Vito nodded. That was all fine. But something else was bugging him.
“Can I ask you something? Who the fuck is Diane Blankenship?”
“She’s the other inductee.”
“I know. But who is she? What did she—”
“Front Desk Diane,” Kyle said, as if that was supposed to mean something. “She’s been working in the main office for almost thirty years. She was around back in our day. You don’t remember?”
“Not really. I didn’t pay much attention to…”
“Nice lady.” Kyle lowered his voice. “I think the Committee just wanted some gender diversity. But you’re definitely the star of the show. No question about that.”
Vito shrugged. If they wanted to put the school secretary in the Hall of Fame, that was their business, though he wasn’t sure why they’d picked her instead of the bus driver, or the lady who doled out the french fries.
* * *
He tried to nap, but it didn’t work. He kept thinking about Marley Pease—the way she used to look at him in the hallway, that death stare of pure wounded hatred. He never said a word to her after the abortion, never checked to see how she was doing, never even acknowledged what she’d gone through. It was weird to think about the kid they didn’t have, a kid who’d be a full-grown adult by now, as real to him as Jasmine or Henry.
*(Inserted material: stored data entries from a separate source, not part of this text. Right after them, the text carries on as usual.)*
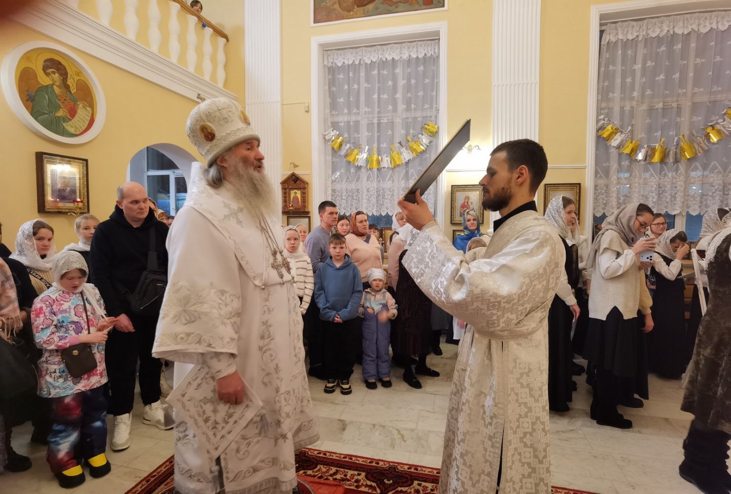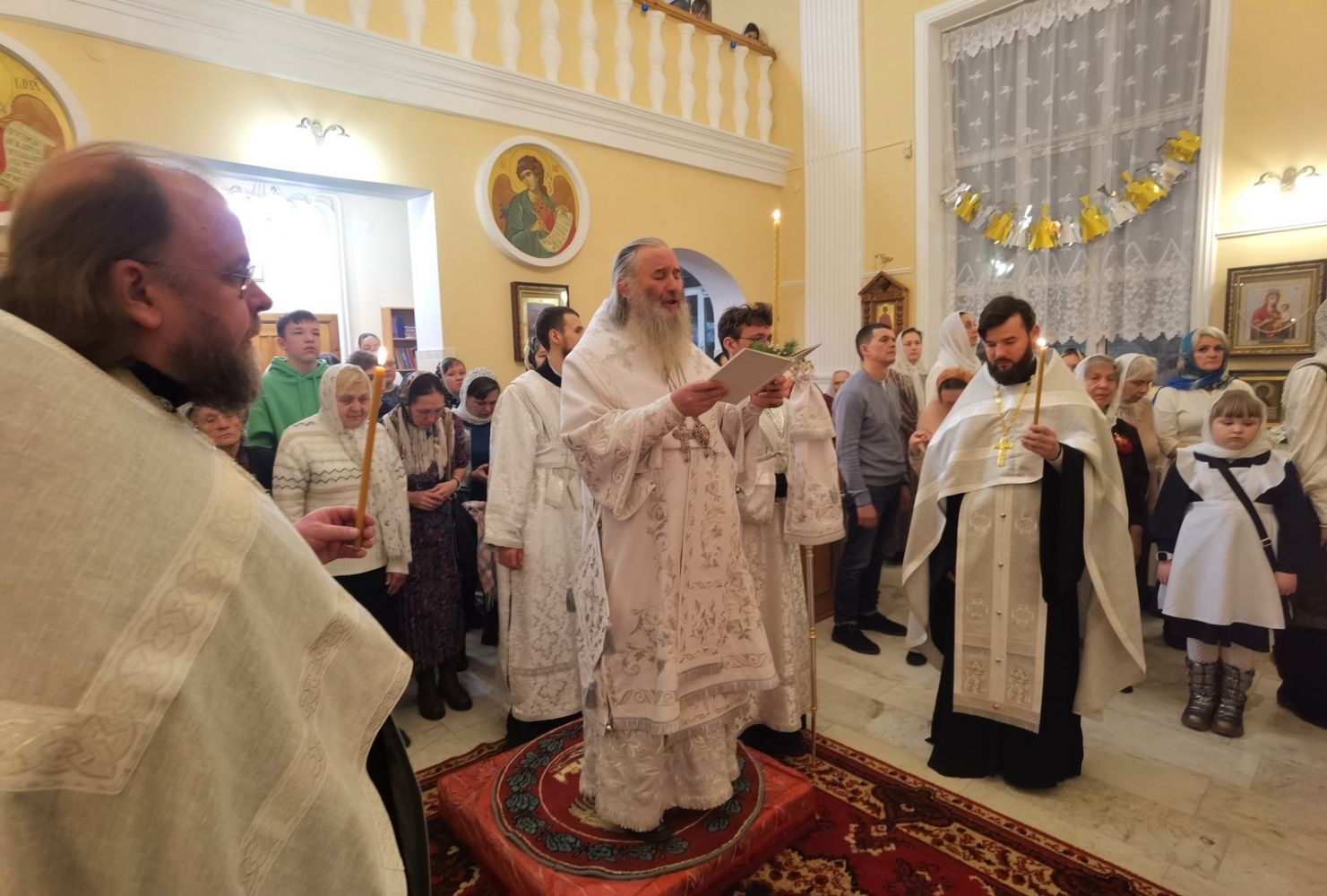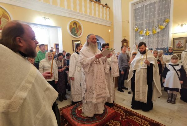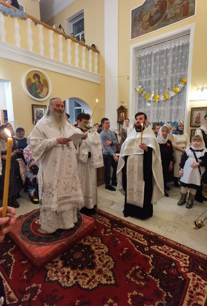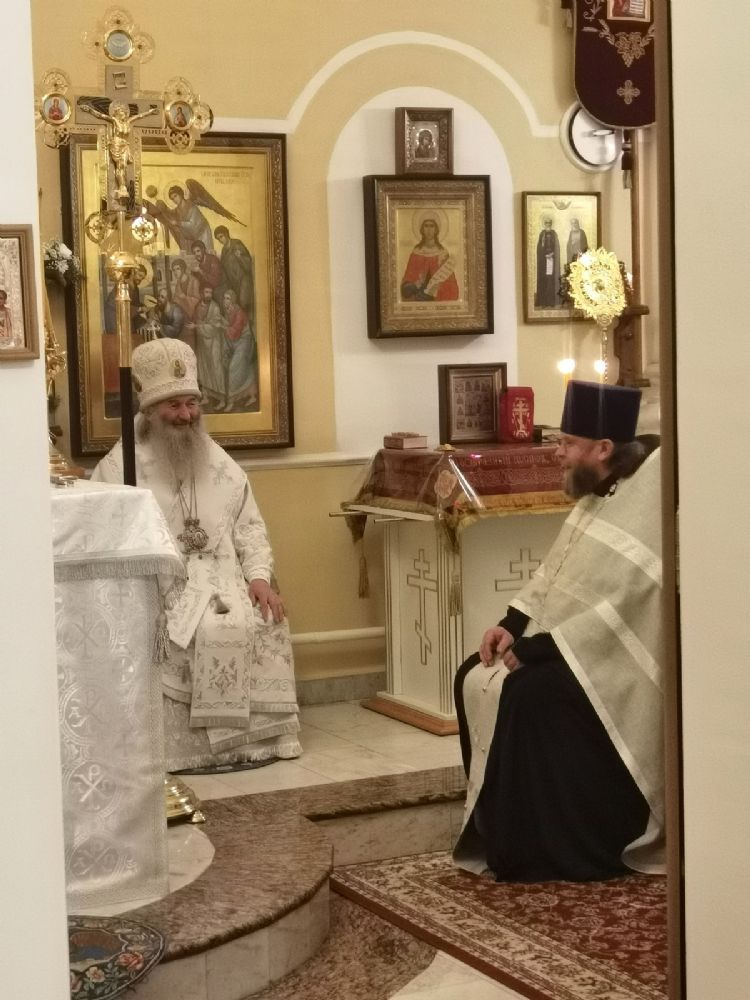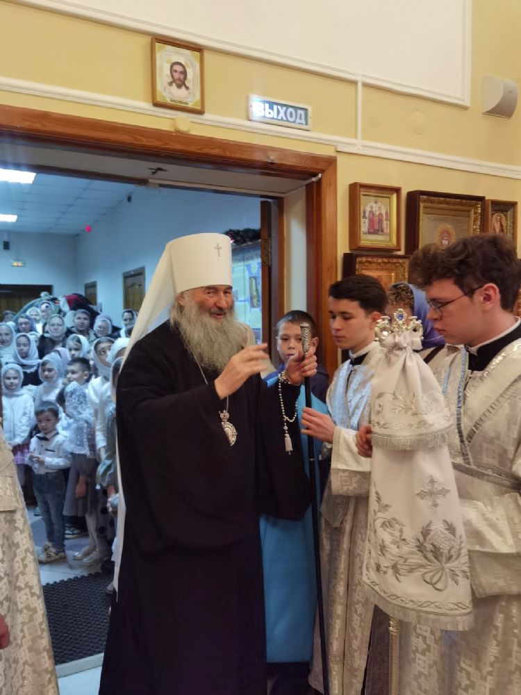 Богослужение началось встречей владыки и облачением в центре храма.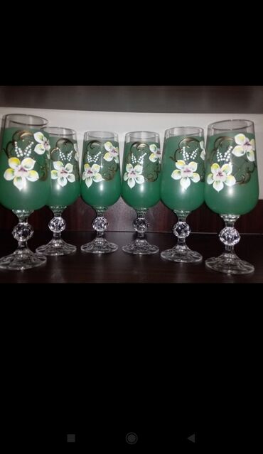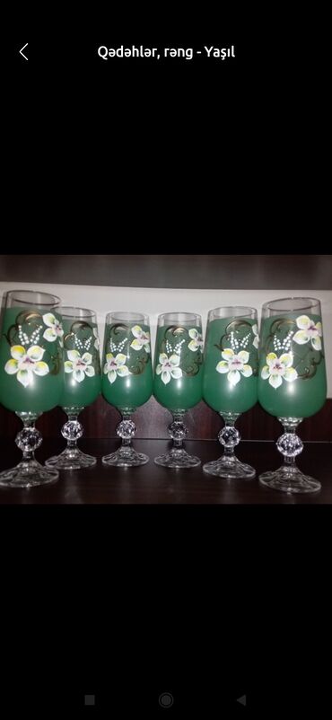 Qədəhlər, rəng - Yaşıl, Şüşə, 6 ədədli dəst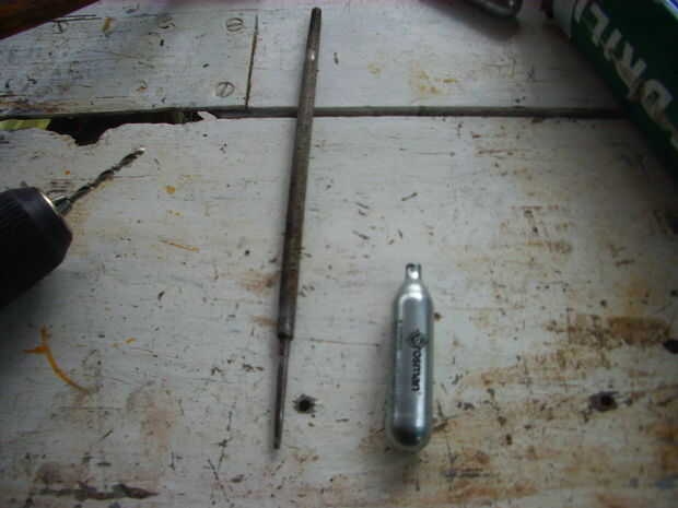 Además de un cartucho vacío de Crosman, guardar un archivo o raspador que carece de un mango. En mi caso, esto trabaja bien sin él desde su nacimiento, hace más de 25 años. Pero para ello, viene bien para hacer de conejillos de Indias.

Marley wasn’t the only girl he knocked up senior year. The other one was Abbie DiScalzo, and that had been a much bigger mess. Abbie was a steady girlfriend, not a one-night stand; her family was a lot stricter and more Catholic than Vito’s. There were angry phone calls, parental meetings, lots of crying and yelling and name-calling (Mr. DiScalzo kept referring to Vito as Casanova-over-Here). Abbie’s asshole brother, Ray—he was a rookie cop at the time, a former linebacker for the Larks—started making threats, telling people he wanted to kick Vito’s ass, or maybe break his legs, and Coach Holleran had to get involved to broker a truce between them.
The DiScalzos wanted Vito to do “the honorable thing,” but he was headed to the University of Pittsburgh on a football scholarship and had no intention of saddling himself with a wife and baby. He told Abbie to do whatever she wanted—have the kid or don’t have it—but to leave him the fuck out of it. In the end, she went to the clinic, just like Marley, but it broke her heart, and a lot of people took her side, including Vito’s best friend, Reggie Morrison, who was number nineteen on the Apology List, the only name without a line drawn through it.